Numerical Study of Flow Control to Increase Vertical Tail Effectiveness of an Aircraft by Tangential Blowing

This paper aims to utilize blowing as an active flow control technology to enhance the aerodynamic efficiency of an aircraft's vertical tail. A computational method has been developed to increase the aerodynamic performance of the vertical tail (at zero angle of attack and zero side slip conditions) through tangential blowing at Mach 0.2. The use of blowing for increased directional control has the potential to improve airplane performance and reduce fuel consumption. The numerical approach relies on the Reynolds averaged Navier-Stokes formulation for grids. A computational analysis examines three geometry types aimed at enhancing the side force. The initial form, or base state, has no tangential blowing, whereas the second uses tangential blowing from a full span slot and the third applies blowing from a series of discrete slots at the hinge line.
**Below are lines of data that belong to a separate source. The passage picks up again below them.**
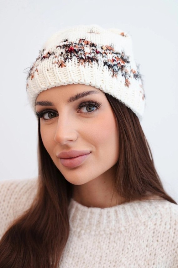Czapka damska zimowa z norweskim wzorem i grubym splotem K351 ecru+rudy
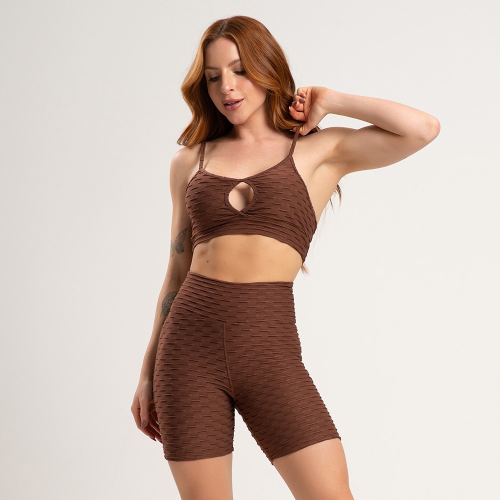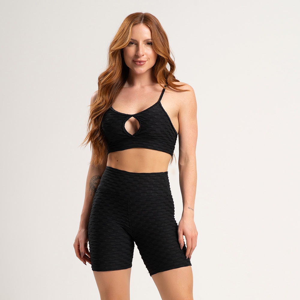 Conjunto fitness academia zero transparência short bolha e top alcinha bolha fitness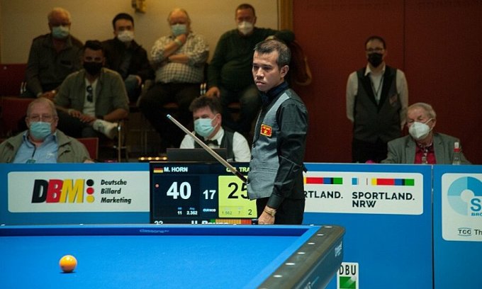 Cơ thủ Trần Quyết Chiến thi đấu tứ kết với Martin Horn tối 12/3 tại Viersen, Đức.
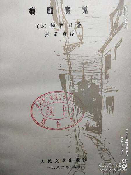 2017年的一个冬日,我在孔夫子旧书网上闲浏览,突然眼前一亮,发现了这本书,经过比对立即选订了一本品相好,价格合适的《瘸腿魔鬼》。时间不长,书就寄到,包装严密细致,拆包,粗略翻阅,品相与实物相符,立即给孔网进行回复。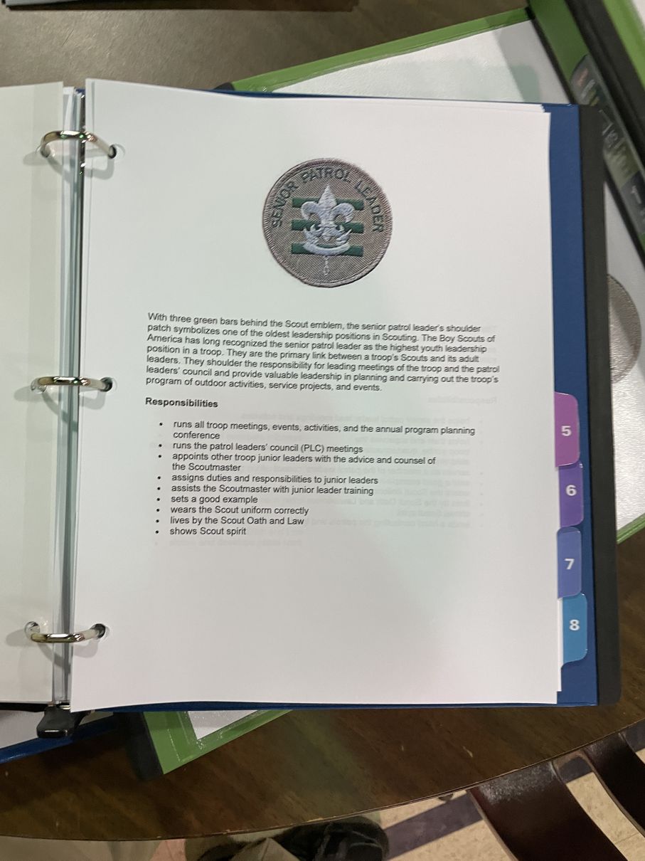 - Built a Binder Set for the Patrol Leadership Council (PLC)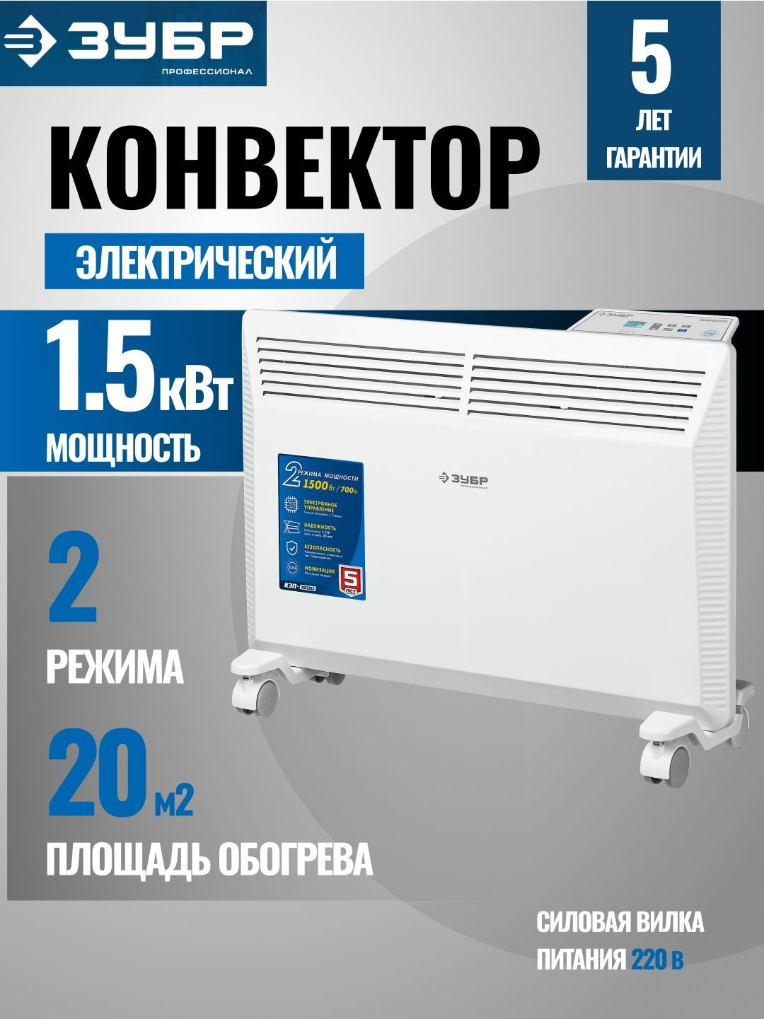 Купить Электрический конвектор Профессионал, ЗУБР, 1.5 кВт, Профессионал с доставкой по всей России. Электрический конвектор Профессионал, ЗУБР, 1.5 кВт, Профессионал: сравнение цен, характеристики, фото, актуальное наличие и цены.

In the second scenario, separation is entirely regulated, whereas control for discrete slots is comparatively weaker. The side force increased by 8.5% in the condition where 9.9 kg/s of air was blown through a single slot compared to the base condition. Meanwhile, when air is blown through discrete slots at a mass flow rate of 2.7 kg/s, there is a 4% increase in side force. A comparison of utilizing two methods, one with single slot and the other with discrete slots, reveals that the latter requires 70% less mass flow rate to achieve identical side force as the former.